What you need to do
Write out exactly the lines below from the one containing "新款波西米亚碗碟套装家用批发跨境陶瓷餐具双耳汤碗盘子陶瓷碗" to the last, both ends kept, and nothing more; skip all pictures.

★ ★ ★ ★ ★

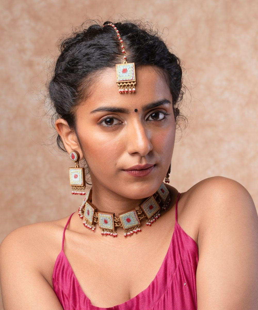 Discover the essence of sustainability in this festive range of our Repurposed Fabric and Wood Collection. This range is made using pure silk hand-embroidered fabrics. Our commitment to the environment shines through as we transform discarded fabric waste, generated during garment cutting, into elegant jewelry pieces. The Repurposed Wood we use is crafted from compressed wood dust, a byproduct of furniture production. This collection is not just jewelry; it's a statement of eco-consciousness. Elevate your festive attire with these exquisite pieces and wear your commitment to a greener world with pride.
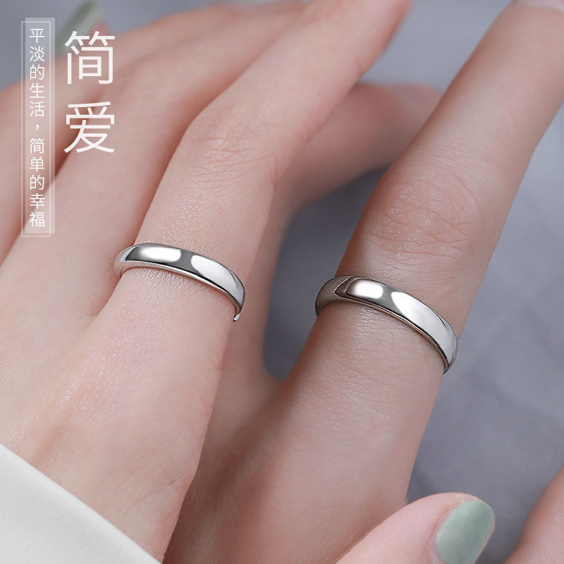 Silver-plated jewelry couple ring a pair of female plain ring men's niche design advanced cold style self-discipline ring
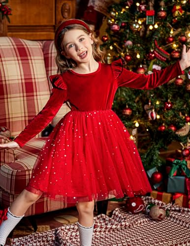 trending ! Arshiner Toddler Tutu Dresses Little Girls Velvet Tulle Fall Winter Long Sleeve Ruffle Holiday Party Dress 2-6Y
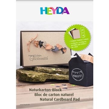 Schöner Block Naturkarton mit 20 Blatt in 5 Farben - je 2 Blatt pro Grammatur und Farbe. Die Grammatur beträgt 90 g/m² und 220 g/m². Erhältlich in DIN A4 und DIN A3.
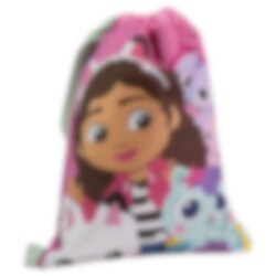 Deze kleurrijke gymtas met een motief van Gabby's Dollhouse is perfect voor kinderen die van avonturen houden met Gabby en haar kattenvrienden.
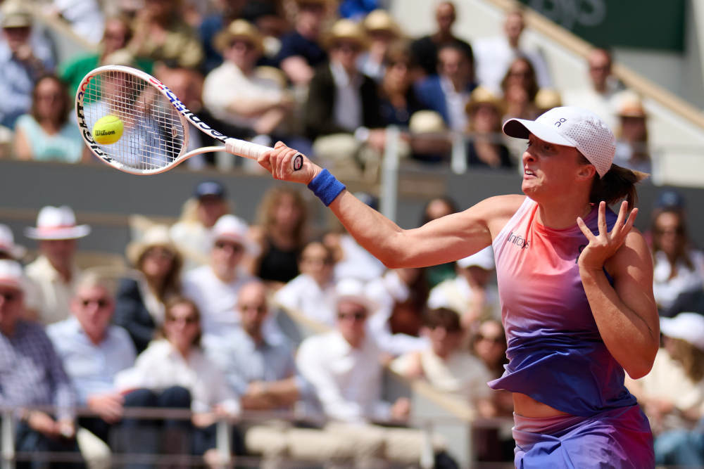 6月8日,斯維亞特克在比賽中回球。新華社記者 孟鼎博 攝
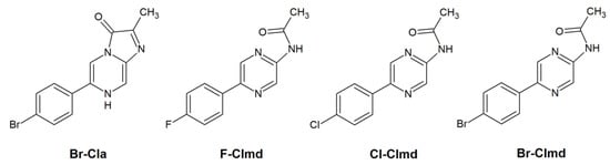 Our group has also been active in the development of novel Clz analogs with both enhanced and new properties [,,,,,,]. This effort has had a focus on the introduction of bromine (Br) heteroatoms into the imidazopyrazinone scaffold of Clz (either directly into the core, or by being part of different functional groups). Quite interestingly, this type of modification has provided some novel analogs with quite enhanced CL emission in aqueous solution when compared with native Clz [,,]. For others, the introduction of Br has provided them with anticancer activity toward different cancer cell types (prostate, breast, neuroblastoma, lung, and/or gastric cancer). Thus, it is clear that bromination is a relevant strategy in modifying Clz.
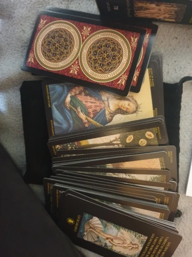 карты не все. отсутсвовали карты Колесо фортуны и колесница. зато было по 2 карты Влюбленные о отшельник. мешочек - жёсткая синтетика. скатерка отвратительного качества. не рекомендую. деньги на ветер.
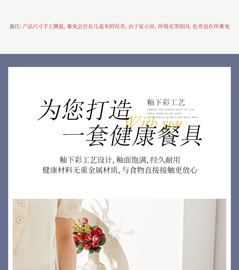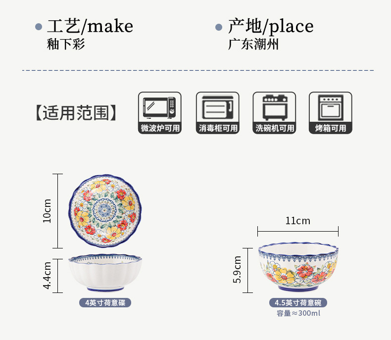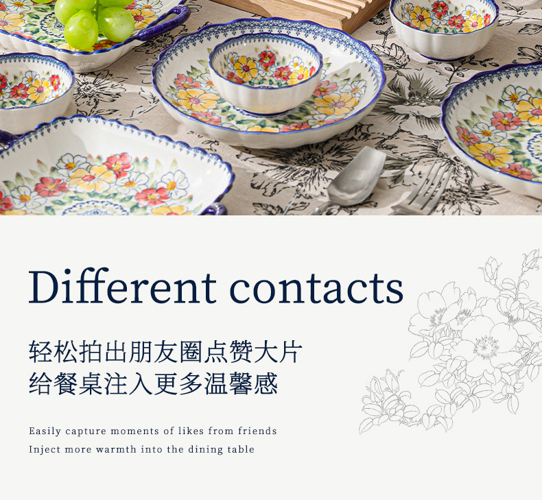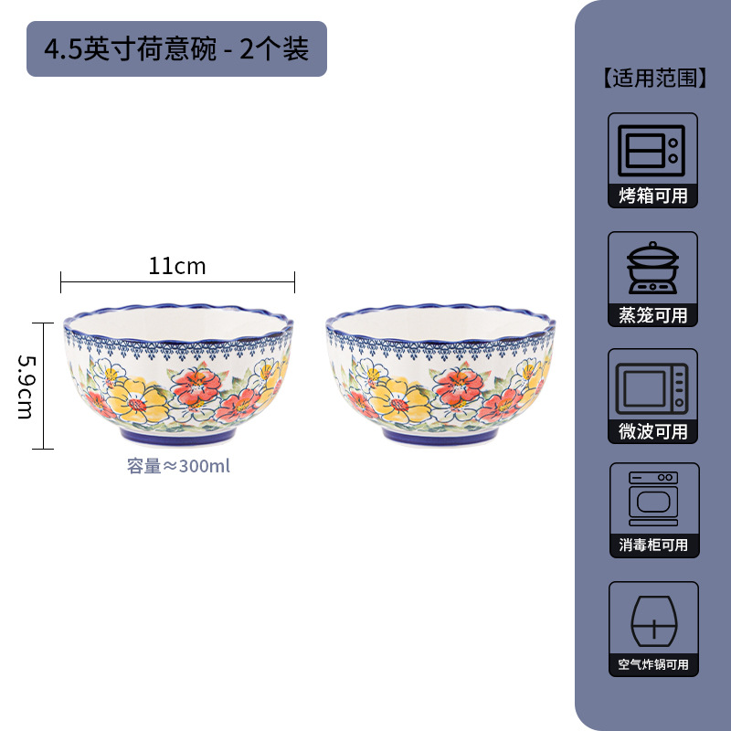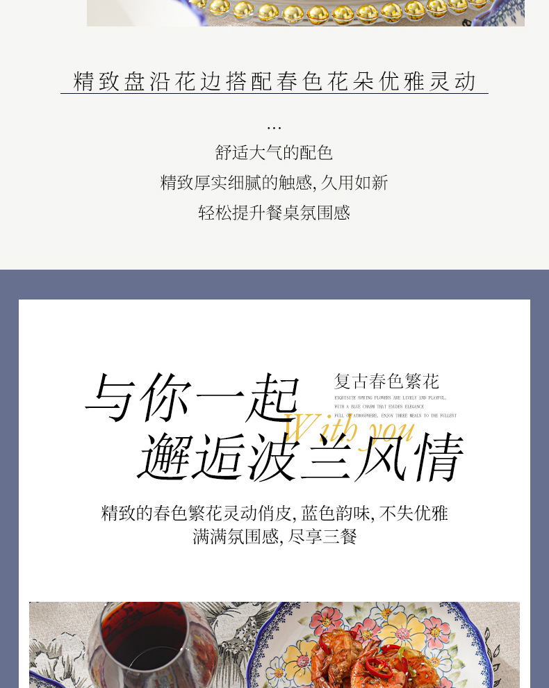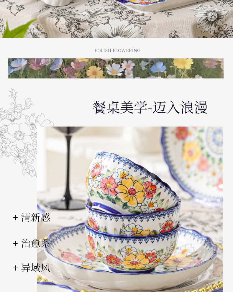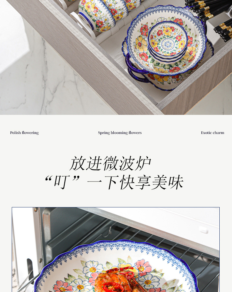 新款波西米亚碗碟套装家用批发跨境陶瓷餐具双耳汤碗盘子陶瓷碗
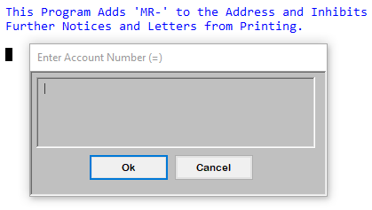 In the Enter Account Number window, type the account number, and press Enter or click Ok.
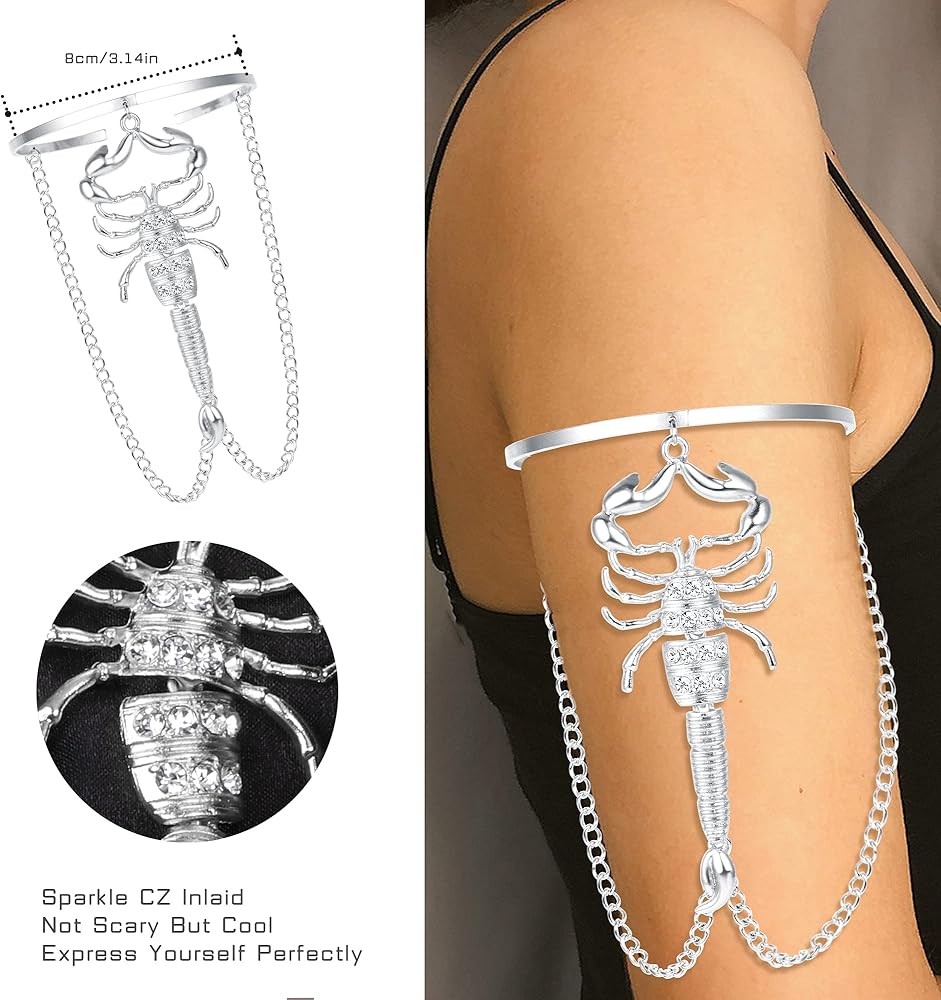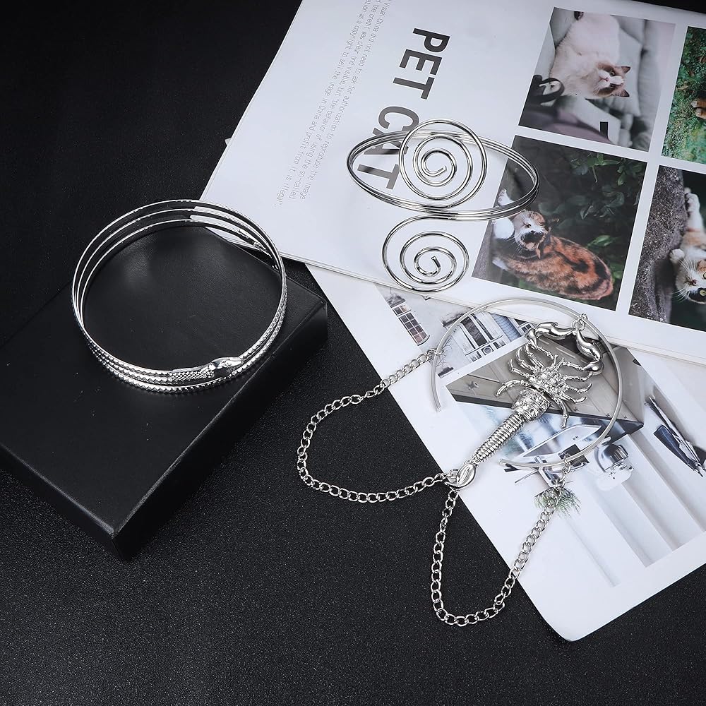 【مجوهرات أساور ذراع قابلة للتعديل】--حجم المجوهرات التنكرية لأساور الذراع لدينا يبلغ حوالي 8 سم (3.2 بوصة) القطر الداخلي، سهل التعديل، مناسب لمعظم النساء. تصميم الدوامة والعقرب صغير بما يكفي ليكون لطيفًا وكبيرًا بما يكفي ليلفت الانتباه. مما يتيح لك تجربة المزيد من الموضة.
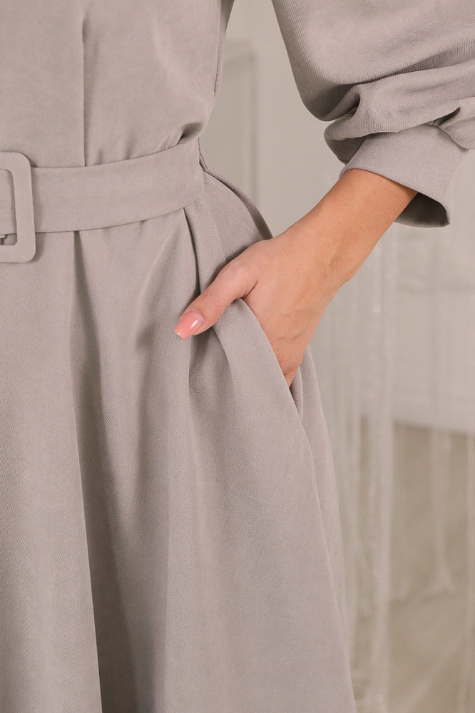 Платье из довольно плотной ткани, хорошо дершит форму. В ПВ посмотрела соответствие цвета и размера, ткань на ощупь показалась, как плотный трикотаж. Но это микровельвет с очень тонким рубчиком, почти гладкий. Я купила платье голубого цвета. Такой же, как на фото. Размер соответствует. У меня 44-46, рост 162. Я заказала 46 размер, село отлично. Длина - до середины икры. Качество пошива хорошее.

★ ★ ★ ★ ★

Reply to the task
 新款波西米亚碗碟套装家用批发跨境陶瓷餐具双耳汤碗盘子陶瓷碗
 In the Enter Account Number window, type the account number, and press Enter or click Ok.
 【مجوهرات أساور ذراع قابلة للتعديل】--حجم المجوهرات التنكرية لأساور الذراع لدينا يبلغ حوالي 8 سم (3.2 بوصة) القطر الداخلي، سهل التعديل، مناسب لمعظم النساء. تصميم الدوامة والعقرب صغير بما يكفي ليكون لطيفًا وكبيرًا بما يكفي ليلفت الانتباه. مما يتيح لك تجربة المزيد من الموضة.
 Платье из довольно плотной ткани, хорошо дершит форму. В ПВ посмотрела соответствие цвета и размера, ткань на ощупь показалась, как плотный трикотаж. Но это микровельвет с очень тонким рубчиком, почти гладкий. Я купила платье голубого цвета. Такой же, как на фото. Размер соответствует. У меня 44-46, рост 162. Я заказала 46 размер, село отлично. Длина - до середины икры. Качество пошива хорошее.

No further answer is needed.